Fifteen of the 32 DCGs (all up-regulated in the EA) matched differential expression pattern related to histone modifications H3K9ac and H3K27me3 of human lung fibroblast hg19, suggesting them as the likely source of the gene expression signal (Tab. 7). H3K9ac and H3K27me3 are the two histone modifications of dominant and opposite role in regulation of neuroectodermal differentiation (H3K9ac) or pluripotency (H3K27me3)¹⁵. With H3K27me3 previously linked to epithelial-mesenchymal transition (EMT) and extracellular matrix degradation upon treatment of cell culture with TNF-a and TGF-b¹⁶, up-regulation of the genes related to both histone modifications in our study could indicate their role in ongoing EMT in EA, consistent with the abundance of eosinophil-derived TGF-b1 in this disease phenotype¹⁷.

2.4.2 Gene ontology associations.

Molecular functions and biological processes associated with DCGs by gene ontology are listed in Tab. 8-9. They include phenomena significant in the pathogenesis of asthma and airway remodeling, such as T-cell receptor binding, MHC II protein complex binding, immunoglobulin secretion, myeloid cell apoptosis, regulation of cellular response to growth factors (e.g. TGF-b) and metalloendopeptidase inhibitory activity, as further discussed in section 3.5.

2.4.3 Kinase perturbation studies.

Kinase perturbation studies included in Gene Expression Omnibus (GEO) database indicate differential expression of several DCGs upon knockout of the following kinases (Tab. 10):

(1)TGF-b receptor II (TGFBR2): down-regulation of CCT7, EPS15, MRPL14;

(2)Homeodomain-interacting protein kinase 1 (HIPK1): down-regulation of GPI, MAEA, STRN4;

(3) Inhibitor of nuclear factor kappa-B kinase subunit epsilon (IKBKE): up-regulation of DGLUCY, RAPH1, ASB3.

These kinase-dependent DCGs might indicated differential activity of the related pathways and have pathogenetic role in EA. The ligand of TGFBR2, TGF-b, has well-established role in asthma and airway remodeling, as further discussed in section 3.5, while the receptor itself was found to be involved in T-cell differentiation. The role of HIPK1 was to date only described in fetal angiogenesis activated by TGF-β-TAK1 pathway¹⁸, apoptosis induced by TNF-a and prevention of MAP3K5-JNK activation. Our study links HIPK1 with eosinophilic asthma through the pattern of DCGs, a suggestion reinforced by association between MAP3K5 and atopy¹⁹. IKBKE is a known target of the nuclear factor κB (NFκB), a transcription factor involved in chronic inflammation of established role in asthma pathogenesis, including remodeling.

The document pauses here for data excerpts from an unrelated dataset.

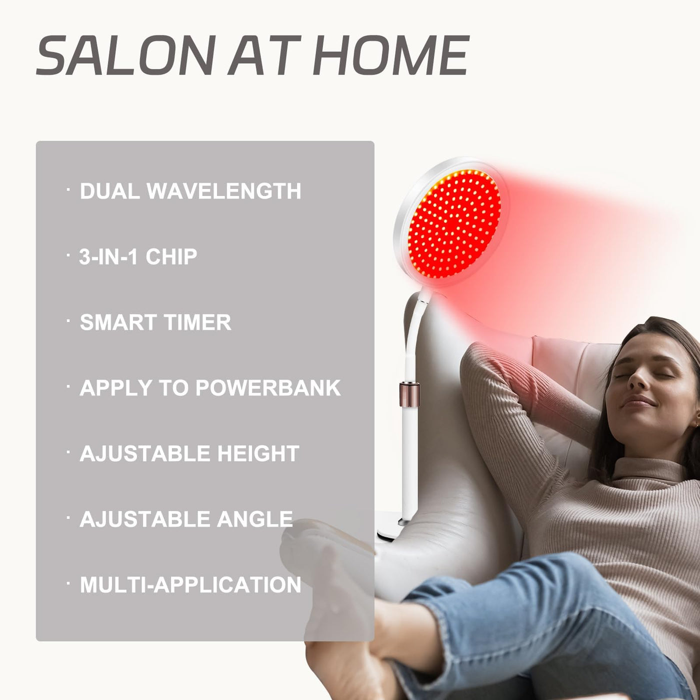 Shomterade Red Light for Face with Base, 100LEDs 3-in-1 Chips Infrared Light Lamp, 660nm &850nm
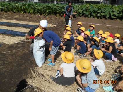 農家の方から、土づくりのお話から、大根の種まき、育て方の話をうかがい、ひとり2か所に、3粒の種をまきました。
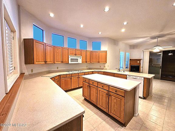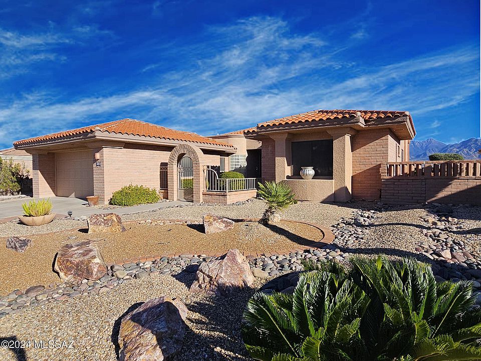 Rare opportunity to own a spacious home--and have a view of the Santa Ritas--in one of the most desired neighborhoods in all of Green Valley! This house has so much to offer. It boasts 2,553 square feet, over-sized rooms, plantation shutters, neutral colors, tiling throughout (except bedrooms), and storage galore. Features include 3 bedrooms, 2 1/2 baths, great room, den, laundry room, and 2-car garage. The large, eat-in kitchen has a fireplace, wrap-around counters, center island, gas cook top, double ovens, microwave, and desk. The primary bedroom is roomy, and the adjoining bathroom features dual sinks, a separate tub and shower, and walk-in closet. There is second full bath, with a conveniently located powder room. The private, rear patio is an entertainer's dream--ideal for hosting intimate groups or a large gathering of family and friends. Somehow your morning coffee or evening cocktails will taste better here. Enjoy the serenity, mild climate, and mountain view from this little piece of paradise!
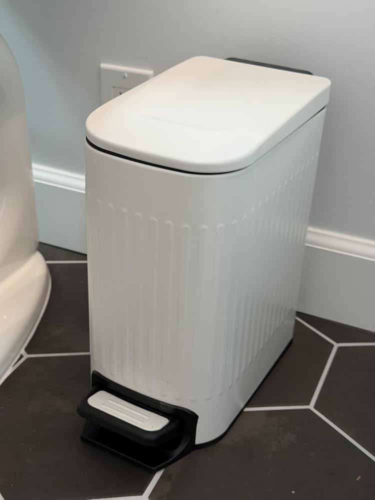 A compact, space-saving trash can designed for bathrooms, bedrooms, and tight spaces. Features a quiet soft-close lid, hands-free step pedal, and removable inner bucket for easy daily use.
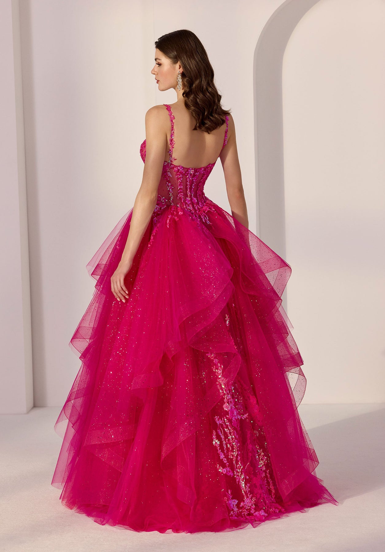 The Morilee 49278 Dress is a stunning ball gown that combines elegance with modern flair. Featuring delicate tulle fabric that creates a dreamy, voluminous silhouette, this A-line design flatters every figure beautifully. The distinctive cat eye neckline adds a contemporary edge, while the supportive straps ensure comfort throughout your special occasion. Perfect for proms, galas, or formal events, this dress makes you feel confident and radiant. The flowing tulle skirt creates graceful movement with every step, making this piece an unforgettable choice for your most important moments.
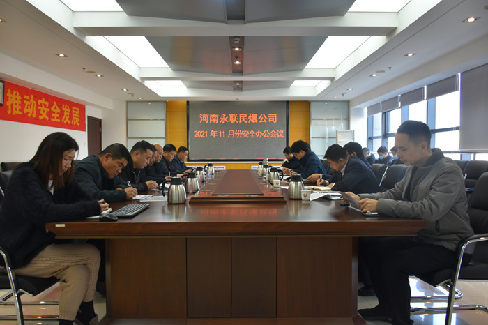 2021年11月26日,河南省永聯(lián)民爆器材股份有限公司召開了11月份安全辦公會(huì)議,公司領(lǐng)導(dǎo)班子、安委會(huì)成員、安委會(huì)辦公室成員以及欒川縣、平頂山力源、方城縣、內(nèi)鄉(xiāng)縣、鎮(zhèn)平、固始縣等6家分公司負(fù)責(zé)人參加了會(huì)議。會(huì)議由公司副總經(jīng)理靳義國(guó)主持,公司董事長(zhǎng)、總經(jīng)理劉嵩參加會(huì)議并講話。

2.5 Literature-based assessment of individual DCGs for mechanistic role in EA and bronchial remodeling.

Individual DCGs are discussed below in the following order: gene’s function, possible involvement in the disease and interaction with other DCGs from our study (shown in bold).

2.5.1 Sodium/potassium-transporting ATPase subunit beta-1 (ATP1B1)

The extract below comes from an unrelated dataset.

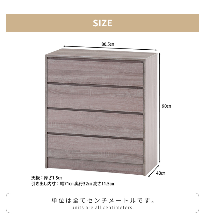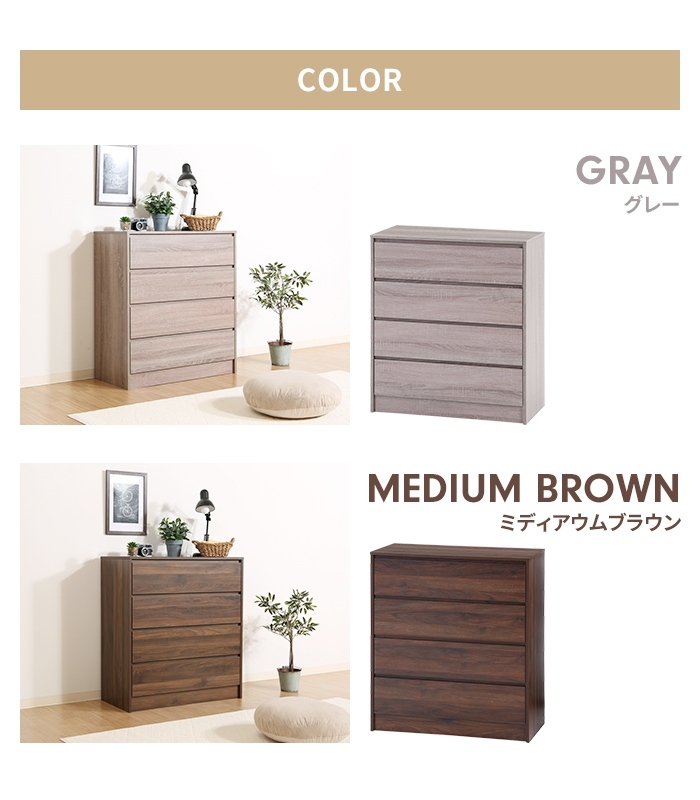 | チェスト 4段 工具不要 タンス 幅80.5 奥行40 木製 引き出し 収納棚 収納ケース 棚 大容量 シンプル おしゃれ 便利 箪笥 ウッドチェスト キャビネット 収納 木製家具 インテリア 衣類収納 小物収納 80.5×40 引き出し 簡単組立 大容量 天板 ディスプレイ リビング 寝室 ワンルーム グレー ミディアムブラウン |
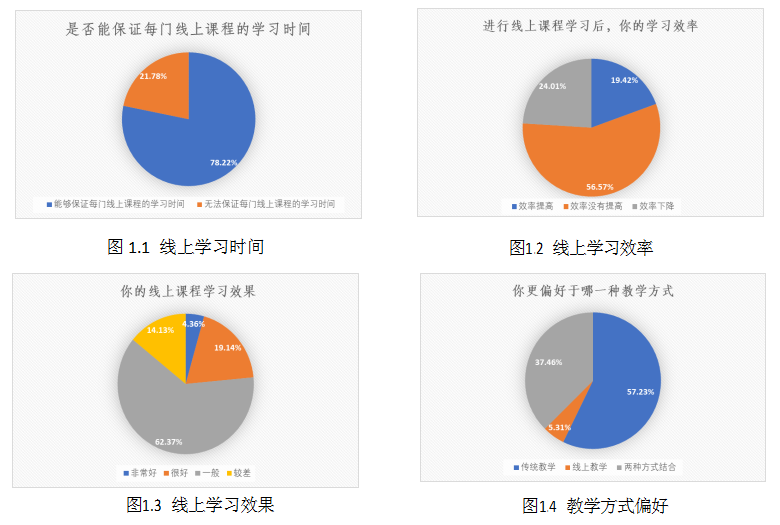 在整体的学习情况上,78.22%认为在学习时间上是可以保证的,但是在学习效率和学习效果方面相对欠佳。56.57%的学生,认为“学习效率没有提高”。甚至有 24.01%的学生认为采用线上课程学习的方式使得学习效率下降。62.37%的学生认为线上课程学习效果一般。57.23%的学生表示相较于网络教学,更加偏好传统教学方式。从整体上来说 62.93%的学生认为线上课程学习、辅导效果不理想。

The sodium-potassium pump is a heterodimer composed of the catalytic subunit alpha and non-catalytic subunit beta. The latter may be expressed in several cell types and conditions involved in asthma pathogenesis:

(1) In the epithelia, the beta-1 subunit may be related to epithelial sheathing as it contributes to formation and stabilization of intercellular junctions. It regulates the number of pumps transported to plasma membrane through assembly of alpha/beta heterodimers, which can act as positive or negative regulator of intracellular adhesion, depending on its proportion to FXYD5, a membrane protein involved in chemokine up-regulation and loosening of cell adhesion through down-regulation of E-cadherin²⁰.

(2) In cytomegalovirus (CMV) infection, previously linked to asthma pathogenesis via promotion of Th2 response²¹²², subunit beta 1 was found to co-localize with viral UL136 protein suggesting involvement in cell-to-cell spread of the infection²³. It is also upregulated in human neutrophils during respiratory syncytial virus (RSV) infection, a trigger of asthma exacerbations.

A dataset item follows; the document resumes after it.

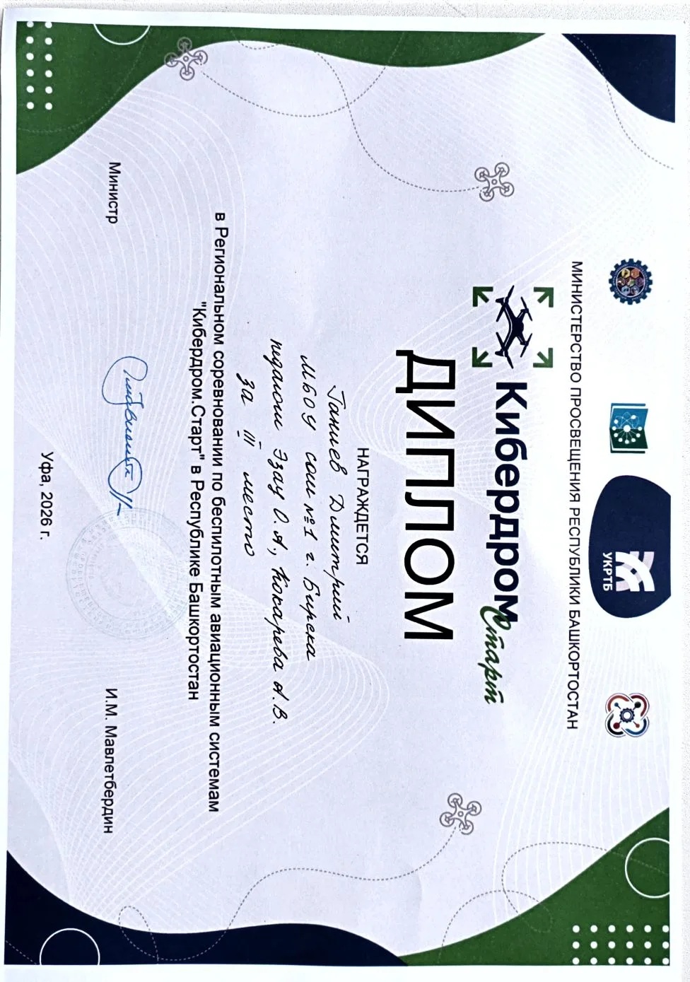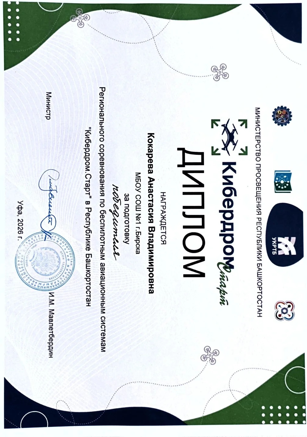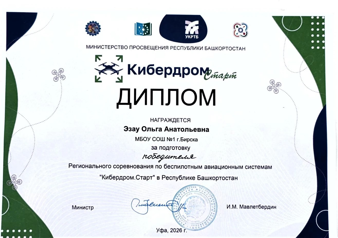 2 апреля 2026 года команда обучающихся МБОУ СОШ № 1 г. Бирска под руководством педагогов-наставников А. В. Кокаревой и О. А. Эзау приняла участие в Региональном этапе соревнований по беспилотным авиационным системам «Кибердром.Старт» в Республике Башкортостан.

(3) In lymphocytes, subunit beta 1 is known to be up-regulated in response to phytohemagglutinin, suggesting possible role as marker of their activation status²⁴ and AT1B1 was among four genes upregulated in human lymphocytes under Th17-polarizing conditions.

(4) Decreased activity the pump elevates intracellular free calcium concentration,
a phenomenon linked to the activation of inflammatory cells and airway smooth muscles (ASM) resulting in increased proliferation, spreading, and eosinophil-attracting eotaxin-1 release in experimental conditions²⁵²⁶²⁷²⁸.

(5) In the goblet cells, IL-4 produced by Th2-lymphocytes causes up-regulation and translocation of ATP1B1 from basal to apical aspect of the cell, where it colocalizes with H+/K+-ATPase, ATP12A, being required for its function implied in mucous secretion in asthma and cystic fibrosis²⁹.

(6) ATP1B1 is modulated by PXK, which is thought to participate in regulation of electrical excitability and synaptic transmission by, in part, epidermal growth factor (EGF) receptor ligand-induced internalization³⁰, both processes being postulated to play a role in airway hyperreactivity in asthma.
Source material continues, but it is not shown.